The Rebels have been in transition in recent years but were more settled in 2020. The mix in the core group is good. Martina O’Brien, Ciara O’Sullivan and Ashling Hutchings are all 30 years old, Orla Finn is 28, while key players like Melissa Duggan (24), Rosin Phelan (26), Hannah Looney (23), Maire O’Callaghan (25), Doireann O’Sullivan (24), Áine O’Sullivan (26), Niamh Cotter (24), Saoirse Noonan (21) and Libby Coppinger (24) will backbone the Rebels’ title charge. Then there’s the younger brigade spearheaded by Erika O’Shea, Daire and Eimear Kiely, Clare O’Shea, etc. Cork are moving in the right direction but they need to build on the progress made in 2020 and make more tweaks.

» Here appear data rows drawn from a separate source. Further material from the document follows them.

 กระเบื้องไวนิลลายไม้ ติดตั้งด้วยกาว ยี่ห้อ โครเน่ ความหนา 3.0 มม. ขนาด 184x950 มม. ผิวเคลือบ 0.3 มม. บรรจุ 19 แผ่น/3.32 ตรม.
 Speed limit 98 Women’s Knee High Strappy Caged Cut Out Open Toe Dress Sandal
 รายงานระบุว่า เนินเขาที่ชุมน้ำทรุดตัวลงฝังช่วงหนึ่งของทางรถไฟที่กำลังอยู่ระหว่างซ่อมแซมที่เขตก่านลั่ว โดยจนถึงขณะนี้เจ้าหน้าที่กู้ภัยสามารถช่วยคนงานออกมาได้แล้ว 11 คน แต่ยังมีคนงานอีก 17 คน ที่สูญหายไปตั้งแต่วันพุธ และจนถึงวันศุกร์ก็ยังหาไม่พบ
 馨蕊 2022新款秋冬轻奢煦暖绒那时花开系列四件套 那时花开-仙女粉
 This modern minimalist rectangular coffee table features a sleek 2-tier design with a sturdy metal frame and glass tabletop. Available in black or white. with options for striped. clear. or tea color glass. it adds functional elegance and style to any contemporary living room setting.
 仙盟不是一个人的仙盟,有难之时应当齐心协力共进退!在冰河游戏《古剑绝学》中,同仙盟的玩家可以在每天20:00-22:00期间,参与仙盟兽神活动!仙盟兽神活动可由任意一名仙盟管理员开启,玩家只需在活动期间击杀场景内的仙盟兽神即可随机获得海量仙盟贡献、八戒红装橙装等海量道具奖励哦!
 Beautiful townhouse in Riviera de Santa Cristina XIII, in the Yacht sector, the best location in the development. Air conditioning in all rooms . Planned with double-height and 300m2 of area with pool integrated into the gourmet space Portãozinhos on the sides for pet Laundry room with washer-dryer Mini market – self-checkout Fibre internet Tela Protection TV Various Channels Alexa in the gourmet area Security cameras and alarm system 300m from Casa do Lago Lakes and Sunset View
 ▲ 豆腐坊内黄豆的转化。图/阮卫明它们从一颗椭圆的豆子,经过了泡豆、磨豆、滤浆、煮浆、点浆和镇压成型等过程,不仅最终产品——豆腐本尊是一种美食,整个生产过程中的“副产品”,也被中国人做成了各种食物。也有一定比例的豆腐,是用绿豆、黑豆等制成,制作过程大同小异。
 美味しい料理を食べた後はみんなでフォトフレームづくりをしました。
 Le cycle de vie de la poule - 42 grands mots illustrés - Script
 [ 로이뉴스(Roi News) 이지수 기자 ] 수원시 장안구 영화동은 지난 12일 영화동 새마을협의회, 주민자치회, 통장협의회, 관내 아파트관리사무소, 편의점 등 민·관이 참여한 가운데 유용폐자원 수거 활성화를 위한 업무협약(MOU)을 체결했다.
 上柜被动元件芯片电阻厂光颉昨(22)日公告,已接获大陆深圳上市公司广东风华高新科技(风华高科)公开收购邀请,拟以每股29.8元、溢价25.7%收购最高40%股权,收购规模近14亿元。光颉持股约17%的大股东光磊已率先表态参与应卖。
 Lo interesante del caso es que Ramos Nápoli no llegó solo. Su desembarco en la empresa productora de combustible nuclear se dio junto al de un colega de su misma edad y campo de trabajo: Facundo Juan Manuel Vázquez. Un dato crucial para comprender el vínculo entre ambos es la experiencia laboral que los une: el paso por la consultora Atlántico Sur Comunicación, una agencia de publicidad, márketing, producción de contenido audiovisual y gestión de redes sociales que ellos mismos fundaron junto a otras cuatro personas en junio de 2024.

If Cork find a new top gear then it could also get the best out of a talented attack that has struggled in their recent championship clashes with Dublin. In those last three championship games (2018-20) Cork have scored 2-28, or 0-11 per game. That’s not enough to beat Dublin. Cork’s need for speed is more pressing than ever.

‘I don’t think Cork have to radically change anything. If they can identify the areas in their game – like the speed of releasing the ball and attacking at speed with power – then they can push Dublin,’ Michelle Ryan adds.